Being the main prop in the animation, it was relatively if not very easy to make, quite simply I built one large rectangular shaped box, from that copied, rotated and resized that box to make one of the fence posts then copied that fence post and spread them out evenly. I then found a concrete texture online and applied it to the base and posts, nothing fancy just stuck it straight on.

For the "wires" I applied exactly the same technique only using a cylinder shape.


Danger Sign



To make this I made a plane, resized the way I wanted then placed it on the fence.

I went online and google imaged "Electricity sign" or something along those lines.

Using the material editor I imported the image and adjusted and tweaked accordingly. If I remember rightly, I simply removed the tiling options off and then using the horizontal and vertical alignment along with rotation and length and width size, positioned the texture in place, this out of the whole fence building was the most time consuming aspect!

Switchbox



The switch box is a box model which I converted into an editable poly. Using quickslice I made two more edges horizontally, which allowed me to bevel and extrude inwards the resulting polygon. I then made and resized a cylinder and sphere and placed them inside the box.
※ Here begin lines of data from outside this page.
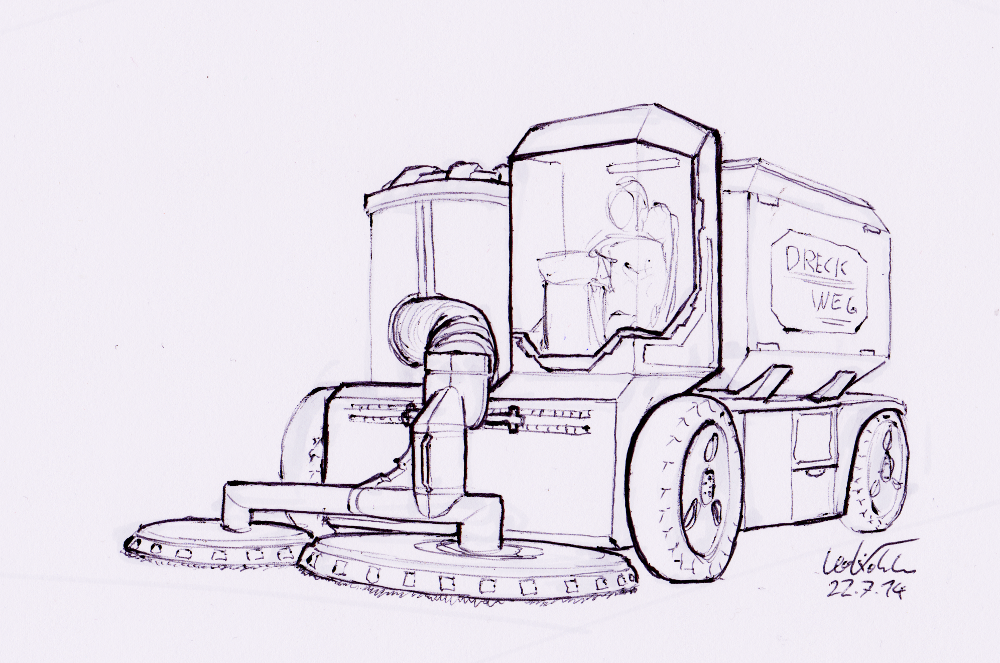 Ich seh's kommen, diese Teile werden die Putzfrau eines Tages ersetzen :D doppelt so produktiv wie eine normale Straßenkehrmaschine , und wahrscheinlich auch doppelt so teuer, sieht nämlich ganz schön schick aus, wenn man sich das silber/blau glänzend vorstellt. Irgendwann werden all die Reichen Leute damit fahren :D Scherz beiseite, sehr gelungene Zeichnung :thumbup:
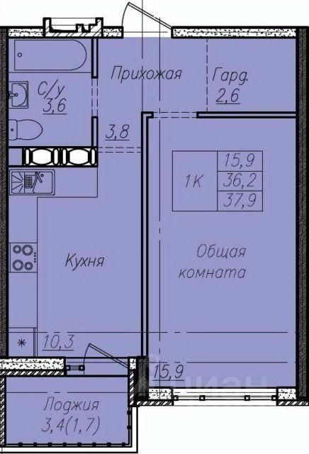 Общая площадь37,9 м2
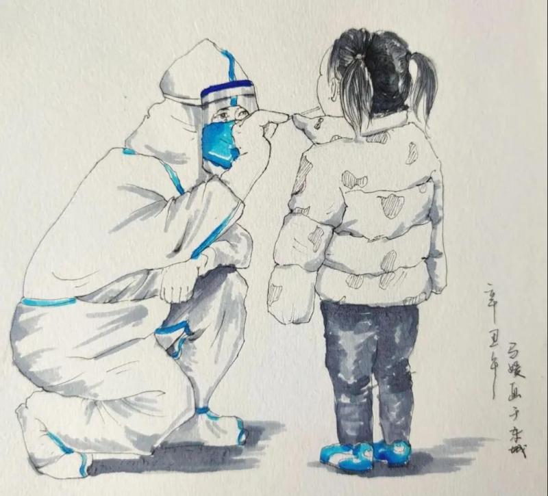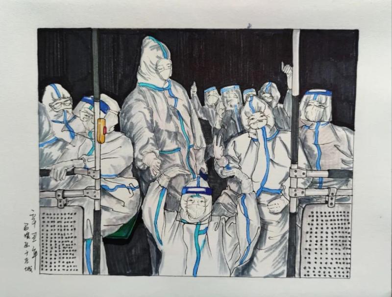 “艺术来源于生活,那些感动人心的瞬间,值得以各种各样的方式被更多人看到。”马媛感慨道,通过这些天的绘画,让她也有了一种同一线工作人员并肩抗疫的荣誉感。
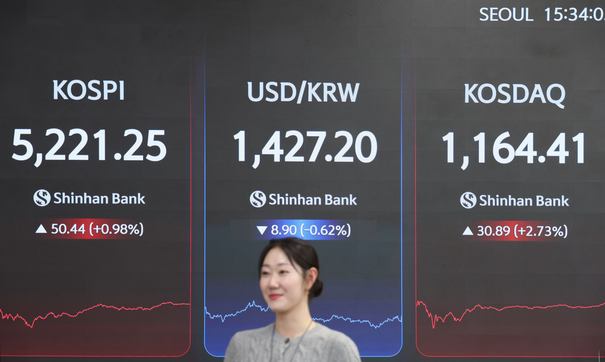 29일 코스피는 전 거래일보다 50.44포인트(0.98%) 오른 5221.25로 장을 마감했다. 이날 지수는 72.61포인트(1.40%) 오른 5243.42로 출발해 개장 직후 5252.61까지 치솟았으나 차익 실현 매물이 쏟아지며 오전 한때 5073.12까지 밀렸다. 이후 낙폭을 빠르게 만회하며 오후 들어 5200선을 재탈환했고 종가 기준 사상 최고치를 새로 썼다.
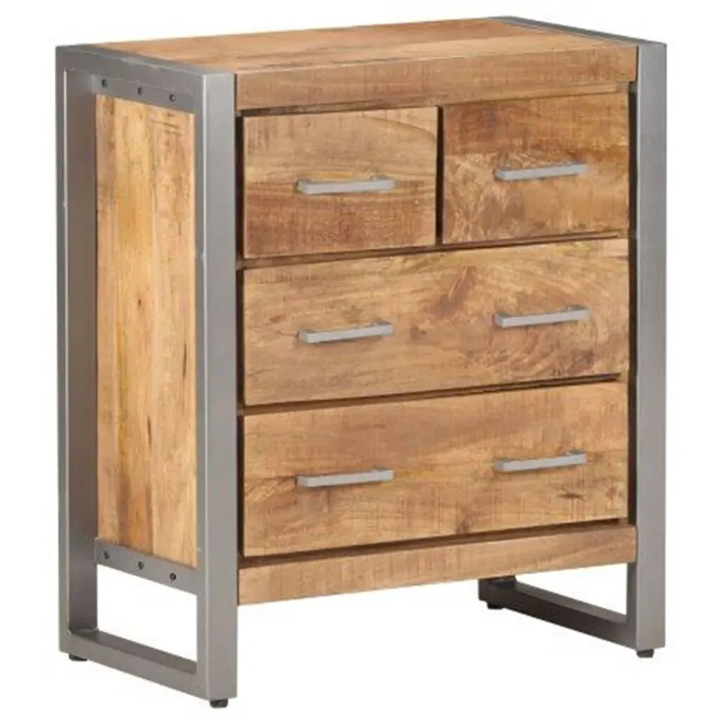 This wooden sideboard adds an industrial style to your living room. The side cabinet is made of rough mango wood, a tropical hardwood with the strength to bear the weight. It also stands the wear and tear of time, making it stable and durable. The iron frame also adds extra stability. This cupboard features four drawers providing ample storage space. Additionally, the sturdy top is ideal for displaying decorative objects such as photo frames, potted plants, vases, etc. Important note: Colours and grains may vary from piece to piece, making each piece unique. The delivery is random, ensuring the exclusivity and individuality of your product.
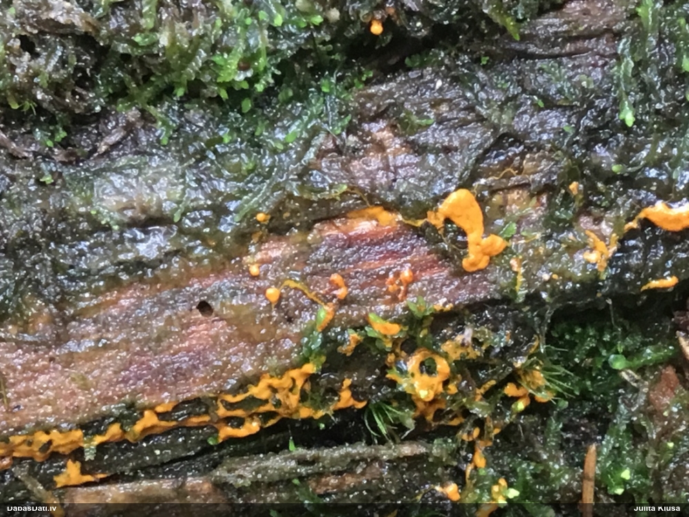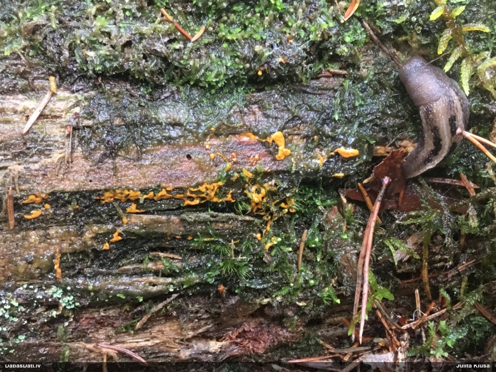 Paldies, Iveta! Julita, kā redzi – nevis dzīvs, bet tikai pusdzīvs ;) Par atrašanu – joprojām darbojos pēc principa bez piecām/sešām atrastām sugām no 250x250 m kvadrāta ārā neiet. Ja nav kritalu – rāpoju pa sūnām. Šis bija viens no kvadrātiem bez sugām, izvēlējos kritalu, tā bija patukša, blakus kritalai pamanīju šīs gļotsēnes. Beigās šajā vietā esmu iesprūdis, būs vēl daži interesanti atradumi. Tik jāatrod laiks mikroskopēšanai, sugu noteikšanai un salikšanai DD. Laika kā reiz šobrīd ļoti maz un brīvajos brīžos drīzāk gribas atkal aizskriet uz savu sūnu pleķi :) Par nosaukumu – domāju, ka rīkojamies līdzīgi kā ar Tavu Diachea (bij. Craterium) muscorum – tā kā šai sugai mums nav iegājies krāterītes nosaukums, saucam par vizulīti. Kaut, piekrītu, drīzāk izskatās pēc krāterītes.
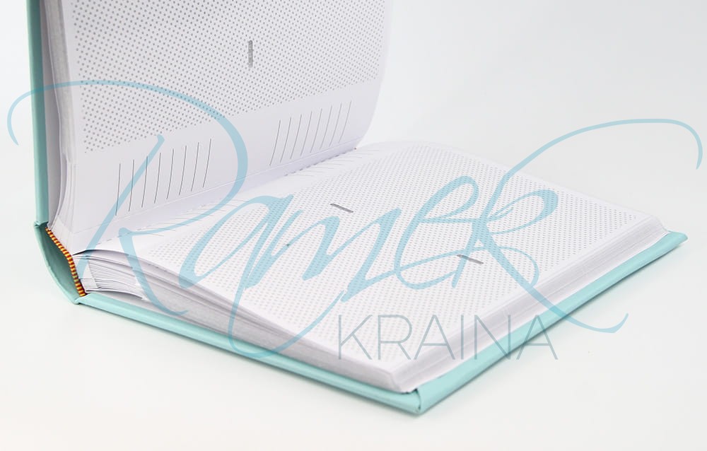 Strony albumu są sklejone dodatkowo ich brzegi są przeszyte.
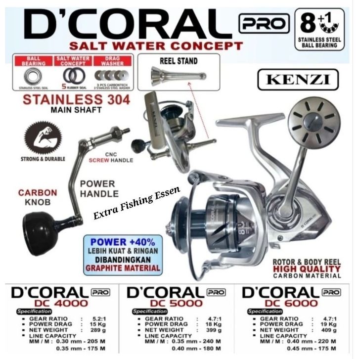TERLARIS REEL KENZI D CORAL 1000 2000 3000 4000 6000 SALTWATER CONCEPT DAN POWER HANDLE
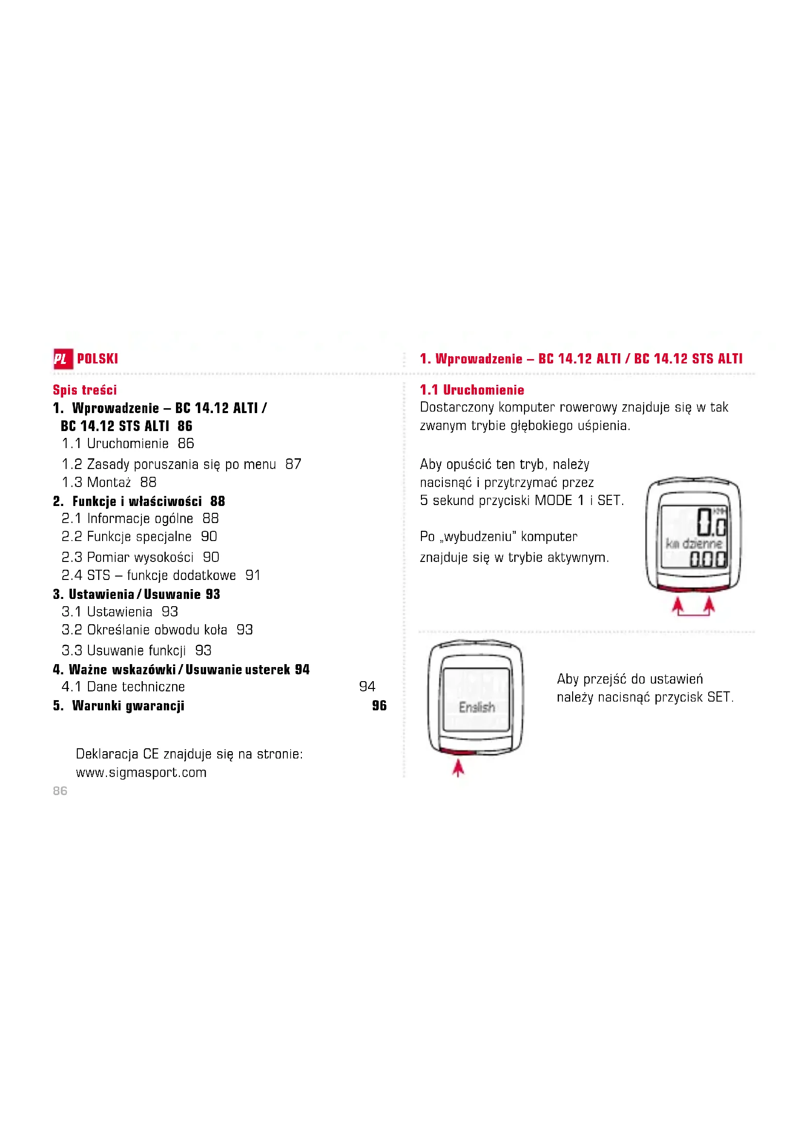 Dostarczony komputer rowerowy znajduje się w tak zwanym trybie głębokiego uśpienia. Aby opuścić ten tryb, należy nacisnąć i przytrzymać przez 5 sekund przyciski MODE 1 i SET. Po „wybudzeniu” komputer znajduje się w trybie aktywnym. Aby przejść do ustawień należy nacisnąć przycisk SET.87
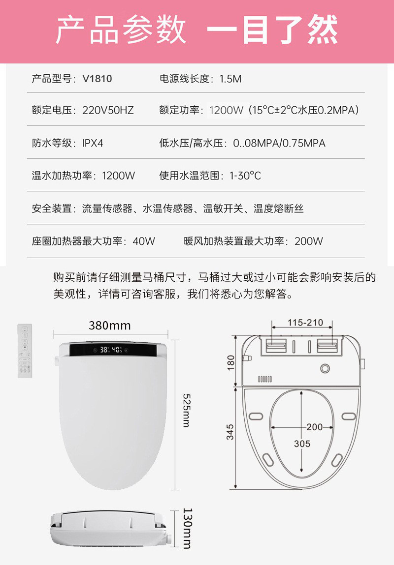 附加功能 :即熱型,水溫調節,臀部洗淨,女性洗淨,座圈加熱,水壓調節,暖風烘乾,噴嘴自潔,移動清洗,遙控噴嘴,19037921829

Because I really couldnt be bothered with trying to apply two different textures onto one model for the on/off labels, I modelled them, the o from a cylinder with the cap bevelled and extruded inwards, the F from a box rescaled, with using the quickslice and extrude I could create the F shape and for the N I simply juat used extrue on a rectangular box shape and then cloned the additional O and F, I then changed the colour to black. I really want to add a dirty sort of bump map to the box, but maybe that will have to be something to experiment on for the next time!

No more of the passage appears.